Thailand election 2019: Princess disqualified from prime minister bid

Thailand election 2019: Princess disqualified from prime minister bid

The political career of Thailand's Princess Ubolratana Rajakanya Sirivadhana Barnavadi lasted only three days, but in that time her declaration that she would be a candidate for prime minister in a March election shook up the kingdom.

The party that nominated a Thai princess to run for prime minister has said it will comply with the king's wishes after he opposed the move.

The election commission's exclusion was widely expected after a late night statement from King Maha Vajiralongkorn just hours after his elder sister put her name forward as the candidate for a populist political party on Friday.

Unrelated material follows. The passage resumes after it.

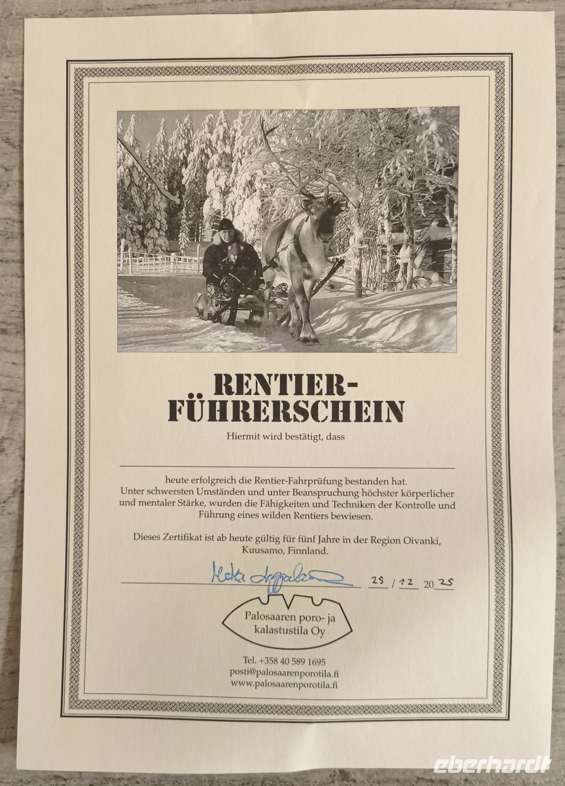 Auf der Farm gibt es noch das 1925 erbaute Haus der Großeltern, mittlerweile umgebaut zu einem Museum und kleinem Shop mit Dingen rund um das Rentier aus eigener Produktion. Zum Abschied gab es noch für jeden als Andenken den "Rentier Führerschein", eine nette Geste und schöne Erinnerung.

"All members of the royal family must abide by the king's principle of staying above politics, maintaining political impartiality and they can not take up political office", part of the statement released to the media said.

Still, Paiboon Nititawan, the pro-military People Reform Party leader, has called on the Election Commission to meet Monday to consider dissolving the Thai Raksa Party for nominating the princess despite withdrawing her nomination.

She returned to Thailand in 2001 from the US after her divorce and has since regularly taken part in charity, social welfare and health-promoting events as well as anti-drug campaigns for youths.

Thailand will hold elections on March 24, the first since a 2014 military coup.

"I would like to say once again that I want to see Thailand moving forward, being admirable and acceptable by worldwide countries, want to see all Thais have rights, a chance, good living, happiness to all", she said, ending her post with an "#ILoveYou" hashtag.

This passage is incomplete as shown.